* **Instructions to follow**
Print the records below exactly, from the line containing "環(huán)境管理體系認(rèn)證證書(shū)" down to the line containing "COCOBELLA新中式缎面刺绣盘扣棉服女国风轻型绗棉外套MF3002", both lines included, and omit every picture.

* **Data extract**
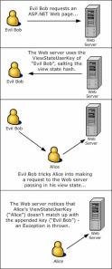 What the ViewStateUserKey property protects against is the case where a nefarious user visits a page, gathers the view state, and then entices a user to visit the same page, passing in their view state (see Figure 10). For more information on this property and its application, refer to Building Secure ASP.NET Pages and Controls.
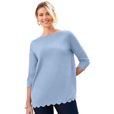 Woman Within Perfect Printed Short-Sleeve Boatneck Tunic
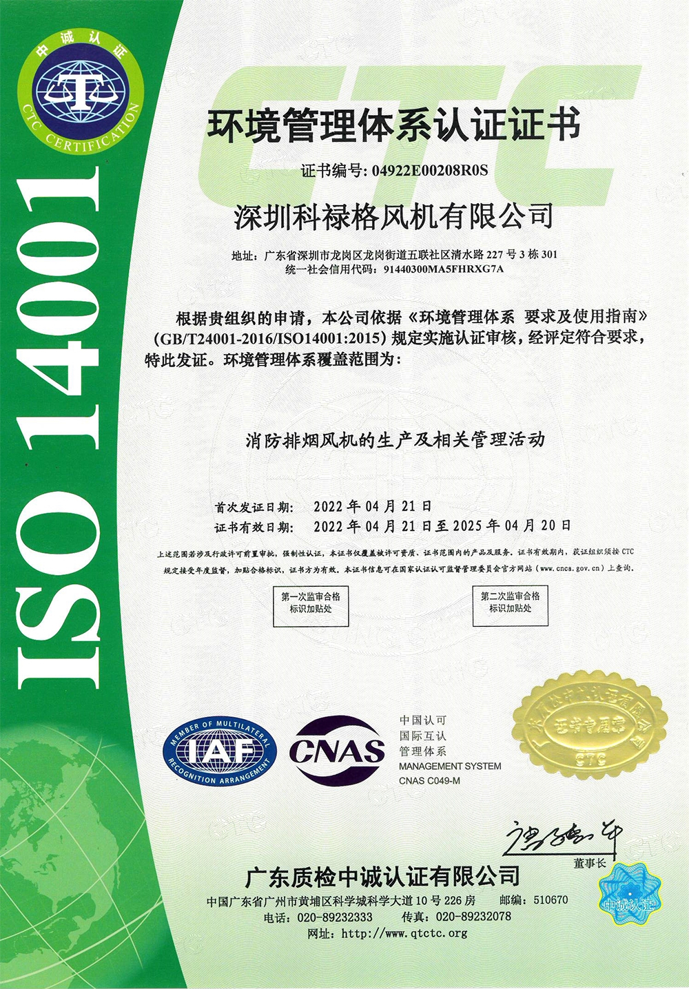 環(huán)境管理體系認(rèn)證證書(shū)
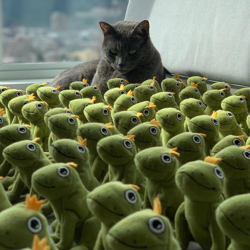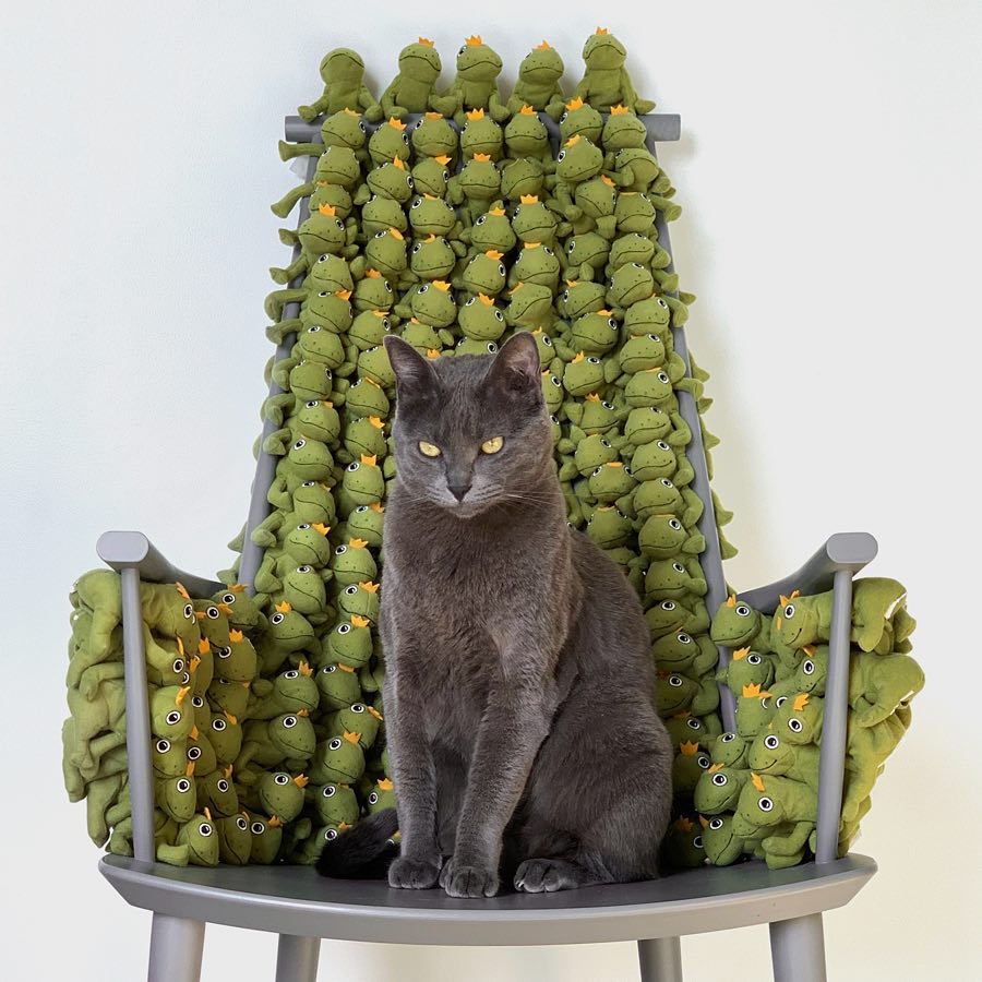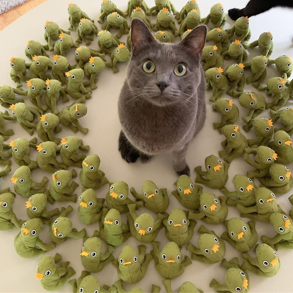 2020年11月22日只要有養過貓的人都知道,貓咪不僅非常冷傲、牠們的自尊心也是非常高的,最喜歡人類對牠們唯唯諾諾,因此才會有了「喵皇」這個霸氣的名稱!既然被稱為「喵皇」,想必牠們也很享受被許多崇拜的目光所環繞,美國有一位鏟屎官就為了滿足主子的虛榮心,為家中的喵皇添置了無數的「青蛙奴僕」,讓喵皇每天都能夠享受到最崇拜的目光!
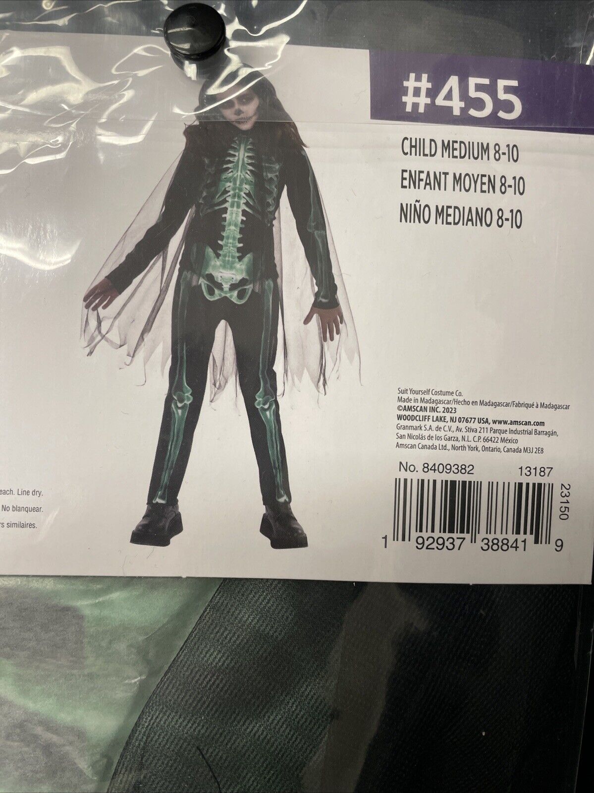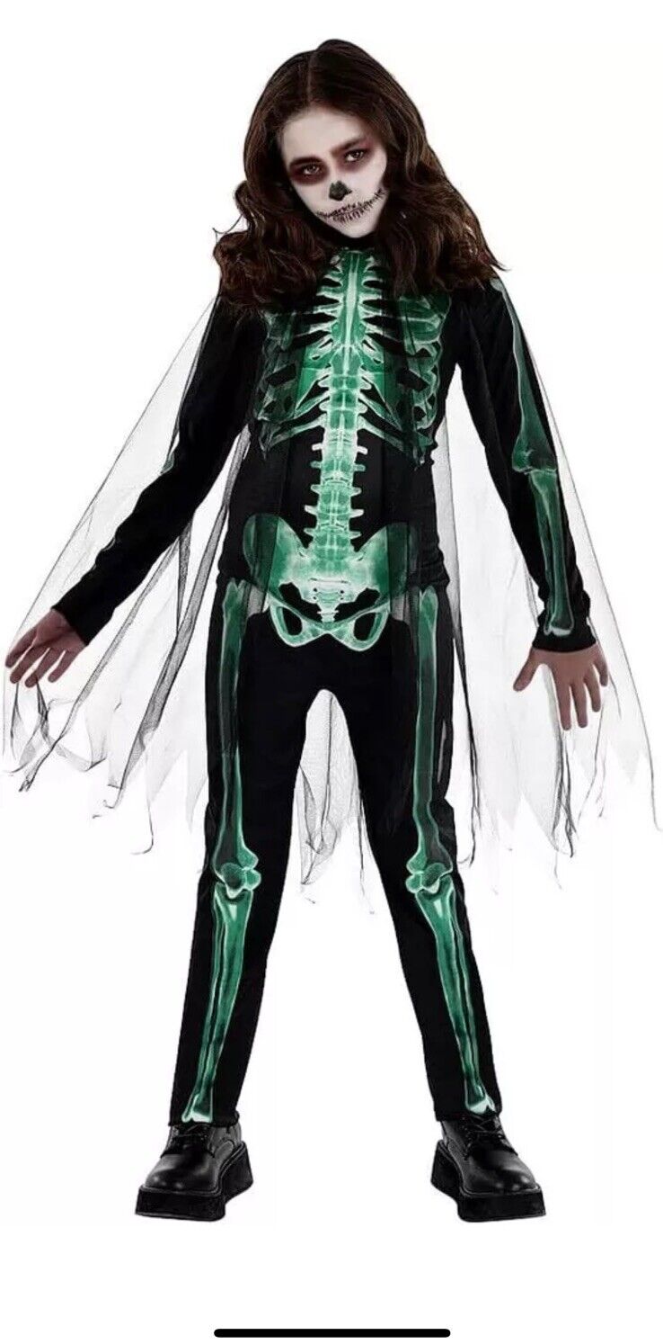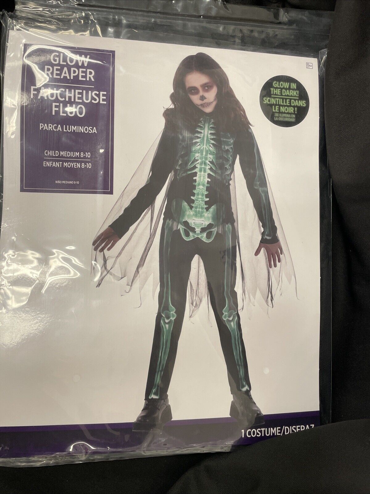 Glow Reaper Grim Skeleton Girl Suit Child Costume Size Med 8-10
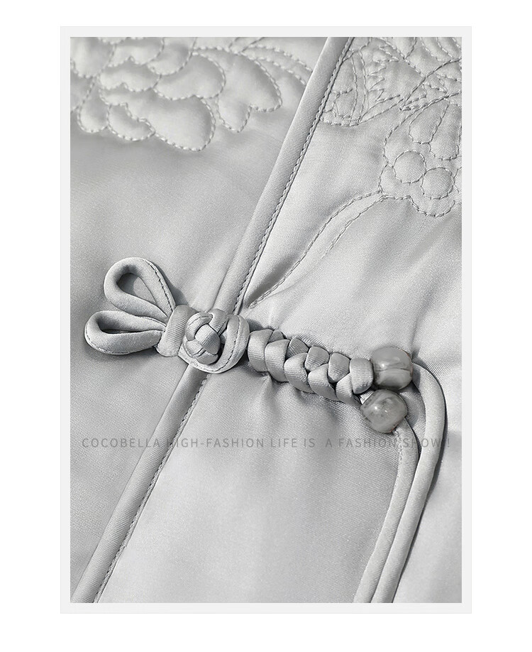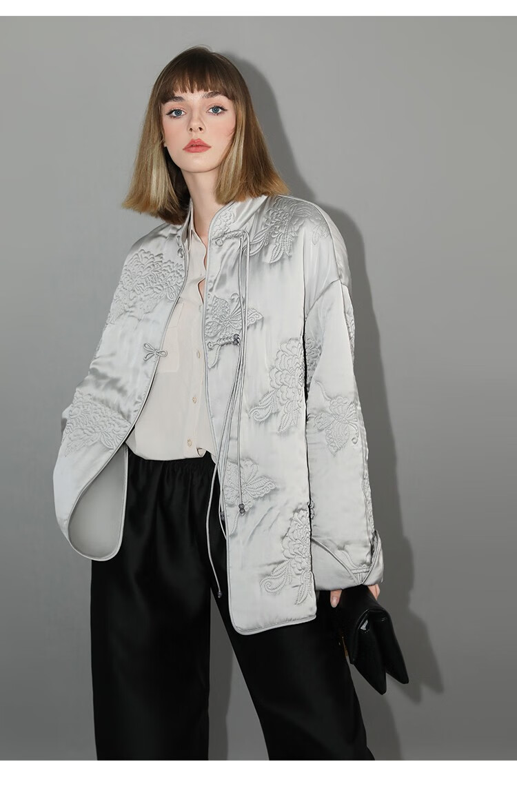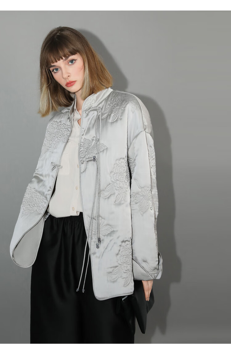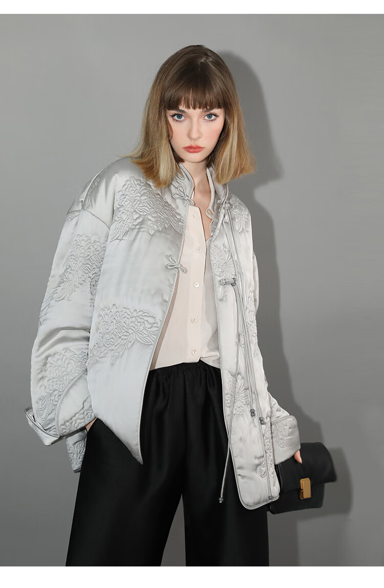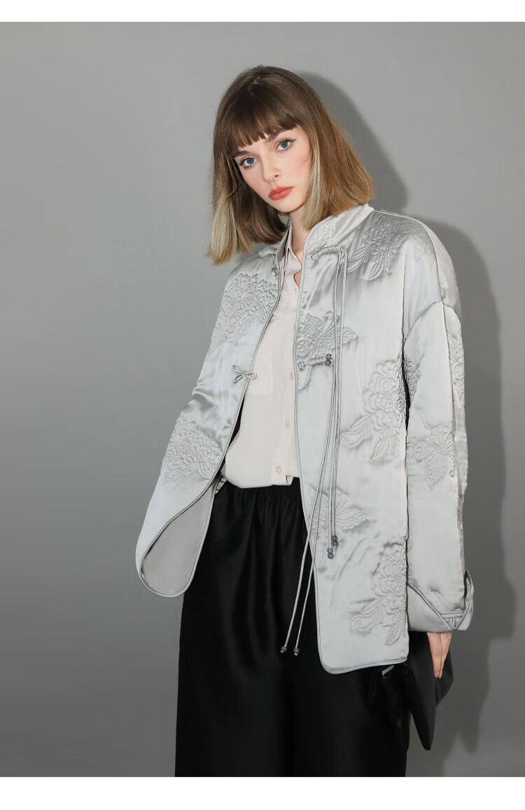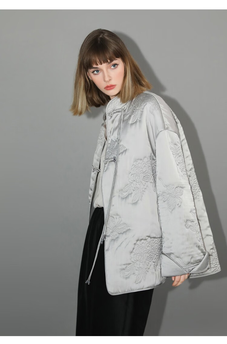 COCOBELLA新中式缎面刺绣盘扣棉服女国风轻型绗棉外套MF3002
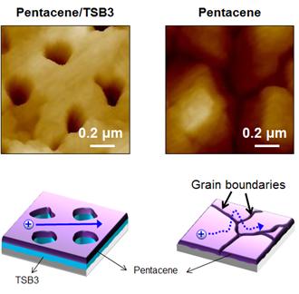 [아시아경제 정종오 기자]플렉서블(flexible) 디스플레이, 전자 피부, 고성능 센서 등 차세대 유연 전자소자 제작에 크게 활용될 '고성능 유기 박막 트랜지스터'가 개발됐다. 이번 연구는 웨어러블(wearable) 전자기기 구현의 핵심인 유기반도체로 구성된 전자소자의 성능을 크게 향상시킬 뿐 아니라 나노 다공성 구조를 지닌 유기반도체 박막 제조가 가능하다는 것을 보여줘 관심을 모으고 있다. 유기반도체는 저온 공정이 가능하고 유기반도체로 박막 트랜지스터를 제작할 경우 구부리거나 구겼을 때에도 트랜지스터의 특성이 그대로 유지돼 유연한 전자기기의 핵심적 소재로 전 세계적으로 많은 관심을 받아왔다. 기존의 유기반도체는 전하의 이동도가 낮아 유기반도체를 활용한 전자소자의 동작속도나 전류 공급에 한계가 있었다. 유기반도체를 활용한 고성능 트랜지스터 제작이나 전자회로 구현에 많은 제약이 따른다. 연구팀은 기존 유기반도체 소재로 널리 사용돼 온 물질(펜타센)을 새로 고안한 유기박막 이종접합(서로 다른 유기물 간의 접합)에 적용해 기존의 전하 이동도보다 약 4배 향상된 결과를 얻었다. 이러한 전하 이동도는 고성능 유기발광 다이오드(OLED)를 구동시킬 수 있는 수준이다.연구팀은 또 유기반도체 층에 수백 나노미터 크기의 구멍이 뚫려있는 다공성 박막구조를 제조했다. 특히 다공성 구조에도 불구하고 결정성(고분자화합물 등에서 결정을 이루는 부분의 비율)이 매우 높은 유기반도체 박막을 제조했을 뿐 아니라 이를 활용해 극소량의 물질도 빠르게 검출 가능한 고성능 화학센서도 함께 구현했다. 이번 연구는 미래창조과학부가 추진하는 글로벌프런티어사업 '나노기반소프트일렉트로닉스연구단'의 지원으로 포스텍 화학공학과의 조길원, 오준학 교수팀이 공동연구로 진행했다. 연구결과는 네이처 자매지인 '네이처 커뮤니케이션즈'(Nature Communications) 8월 26일(논문명 : Enhancing 2D growth of organic semiconductor thin films with macroporous structures via a small-molecule heterointerface)에 실렸다. 조길원 교수는 "이번 기술은 기존에 널리 사용돼 온 유기반도체 소재에 적용 가능하다"며 "유기반도체 박막층 구조 변화와 유기 트랜지스터 성능 향상을 함께 구현 할 수 있는 새로운 유연 전자기기 제조 방법을 제시한 것"이라고 말했다. 정종오 기자 ikokid@asiae.co.kr<ⓒ세계를 보는 창 경제를 보는 눈, 아시아경제(www.asiae.co.kr) 무단전재 배포금지>
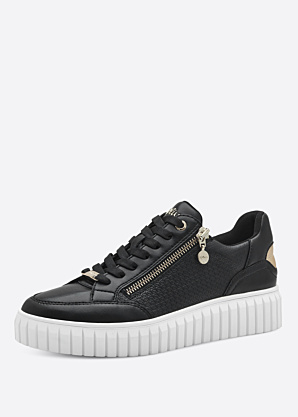 s.Oliver sieviešu kedas ir lieliska izvēle ikdienas gaitām, nodrošinot komfortu un praktiskumu. Šīs kedas ir piemērotas dažādām situācijām, piedāvājot ērtumu un stilu jebkurā brīdī. Virspusē ir sasienama josta, kas piešķir apaviem unikālu izskatu un ļauj pielāgot to piegulšanu. Sānos ir ērts rāvējslēdzējs, kas atvieglo keda uzvilkšanu un novilkšanu, kā arī reljefa raksts, kas piešķir papildu šarmu. Papēdī ir dekoratīvs elements, kas piešķir apaviem elegantu akcentu un padara tos par lielisku papildinājumu jebkuram tērpam.
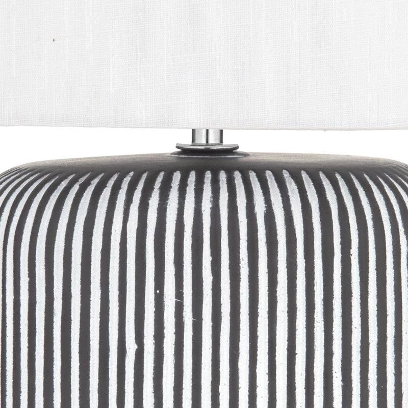 The body features a textured finish in a vertical striped design, complemented by the white lamp shade.
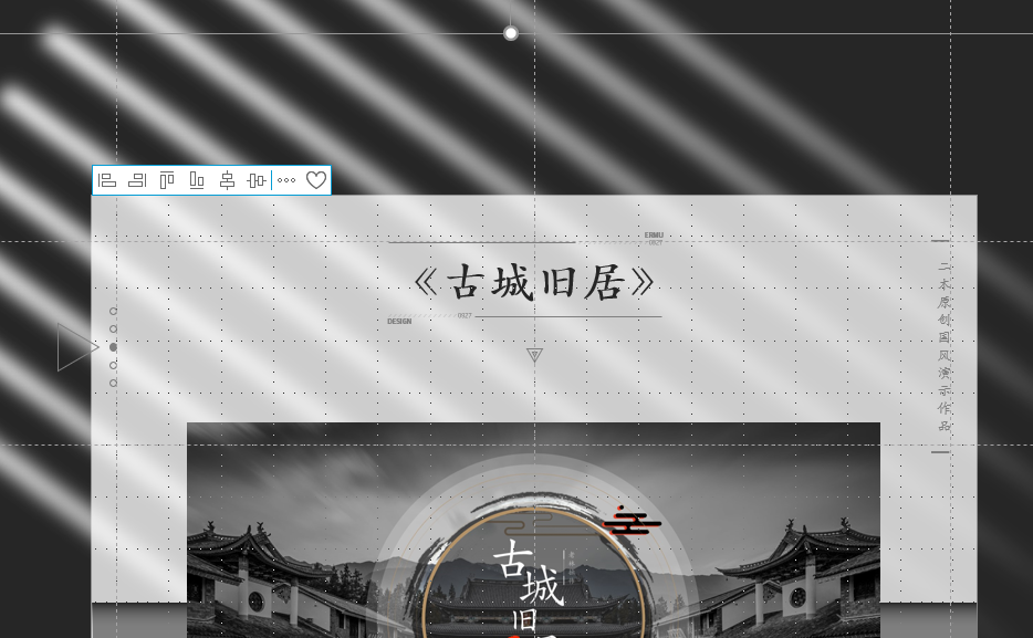 不是说这样的方式不好,当前来说,运用遮瑕蒙版,把背景图的山遮住,我们的页面效果会更加有古风的味道,不信你看一下下图,但是保留了底下的渔夫图,是不是更加有味道呢?,操作也很简单,把渐变光圈,提到对应的位置就行了。

* **Solution to this problem**
 環(huán)境管理體系認(rèn)證證書(shū)
 2020年11月22日只要有養過貓的人都知道,貓咪不僅非常冷傲、牠們的自尊心也是非常高的,最喜歡人類對牠們唯唯諾諾,因此才會有了「喵皇」這個霸氣的名稱!既然被稱為「喵皇」,想必牠們也很享受被許多崇拜的目光所環繞,美國有一位鏟屎官就為了滿足主子的虛榮心,為家中的喵皇添置了無數的「青蛙奴僕」,讓喵皇每天都能夠享受到最崇拜的目光!
 Glow Reaper Grim Skeleton Girl Suit Child Costume Size Med 8-10
 COCOBELLA新中式缎面刺绣盘扣棉服女国风轻型绗棉外套MF3002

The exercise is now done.